* _Exercise goal_
Restrict the output to the lines below starting at the one that contains "为进一步加强党的基层组织建设" and ending at the one that contains "(ش) إذا ثبت", and restate them word for word, both ends included.

[Records from a data collection]
<<<<

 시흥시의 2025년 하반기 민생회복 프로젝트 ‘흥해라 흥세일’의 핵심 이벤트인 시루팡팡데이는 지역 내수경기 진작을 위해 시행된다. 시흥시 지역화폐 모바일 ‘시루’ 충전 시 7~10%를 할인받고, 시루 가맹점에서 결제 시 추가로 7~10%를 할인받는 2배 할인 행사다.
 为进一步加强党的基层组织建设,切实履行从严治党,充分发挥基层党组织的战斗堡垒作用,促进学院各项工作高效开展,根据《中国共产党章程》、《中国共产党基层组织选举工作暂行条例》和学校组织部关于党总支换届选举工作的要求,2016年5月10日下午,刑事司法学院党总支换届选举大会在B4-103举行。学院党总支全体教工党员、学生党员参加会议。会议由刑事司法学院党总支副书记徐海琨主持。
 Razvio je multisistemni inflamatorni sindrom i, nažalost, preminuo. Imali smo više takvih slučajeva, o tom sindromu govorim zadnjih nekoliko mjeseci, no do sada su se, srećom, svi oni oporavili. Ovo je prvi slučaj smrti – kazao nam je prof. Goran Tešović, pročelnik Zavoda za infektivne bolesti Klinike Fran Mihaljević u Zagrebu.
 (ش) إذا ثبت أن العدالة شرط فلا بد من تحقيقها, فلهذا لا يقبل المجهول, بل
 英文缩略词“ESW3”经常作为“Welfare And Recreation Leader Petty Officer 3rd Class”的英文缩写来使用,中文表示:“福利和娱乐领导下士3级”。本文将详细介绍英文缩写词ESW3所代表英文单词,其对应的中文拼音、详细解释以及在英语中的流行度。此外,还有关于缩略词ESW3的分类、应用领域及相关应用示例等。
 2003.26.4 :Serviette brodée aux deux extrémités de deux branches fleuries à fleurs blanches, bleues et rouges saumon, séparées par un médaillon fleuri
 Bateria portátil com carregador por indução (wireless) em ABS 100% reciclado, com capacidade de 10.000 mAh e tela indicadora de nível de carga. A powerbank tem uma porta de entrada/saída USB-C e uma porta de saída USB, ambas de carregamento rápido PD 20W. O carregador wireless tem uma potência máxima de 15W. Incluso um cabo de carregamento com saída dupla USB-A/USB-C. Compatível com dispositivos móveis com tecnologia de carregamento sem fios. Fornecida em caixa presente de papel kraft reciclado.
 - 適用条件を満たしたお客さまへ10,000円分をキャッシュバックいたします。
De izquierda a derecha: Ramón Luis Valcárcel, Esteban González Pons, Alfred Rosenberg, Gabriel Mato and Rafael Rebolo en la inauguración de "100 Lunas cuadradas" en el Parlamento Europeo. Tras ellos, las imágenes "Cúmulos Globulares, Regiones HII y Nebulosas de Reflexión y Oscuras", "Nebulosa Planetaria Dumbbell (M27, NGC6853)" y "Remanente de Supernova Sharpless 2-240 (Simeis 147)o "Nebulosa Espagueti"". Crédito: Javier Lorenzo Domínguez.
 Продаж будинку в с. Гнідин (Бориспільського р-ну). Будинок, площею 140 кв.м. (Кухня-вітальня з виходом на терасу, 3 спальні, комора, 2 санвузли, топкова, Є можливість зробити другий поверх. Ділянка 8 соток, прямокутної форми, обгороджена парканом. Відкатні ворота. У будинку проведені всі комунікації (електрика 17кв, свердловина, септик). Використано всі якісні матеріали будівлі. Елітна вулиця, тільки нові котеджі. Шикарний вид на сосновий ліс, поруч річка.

>>>>

* _Exercise result_
 为进一步加强党的基层组织建设,切实履行从严治党,充分发挥基层党组织的战斗堡垒作用,促进学院各项工作高效开展,根据《中国共产党章程》、《中国共产党基层组织选举工作暂行条例》和学校组织部关于党总支换届选举工作的要求,2016年5月10日下午,刑事司法学院党总支换届选举大会在B4-103举行。学院党总支全体教工党员、学生党员参加会议。会议由刑事司法学院党总支副书记徐海琨主持。
 Razvio je multisistemni inflamatorni sindrom i, nažalost, preminuo. Imali smo više takvih slučajeva, o tom sindromu govorim zadnjih nekoliko mjeseci, no do sada su se, srećom, svi oni oporavili. Ovo je prvi slučaj smrti – kazao nam je prof. Goran Tešović, pročelnik Zavoda za infektivne bolesti Klinike Fran Mihaljević u Zagrebu.
 (ش) إذا ثبت أن العدالة شرط فلا بد من تحقيقها, فلهذا لا يقبل المجهول, بل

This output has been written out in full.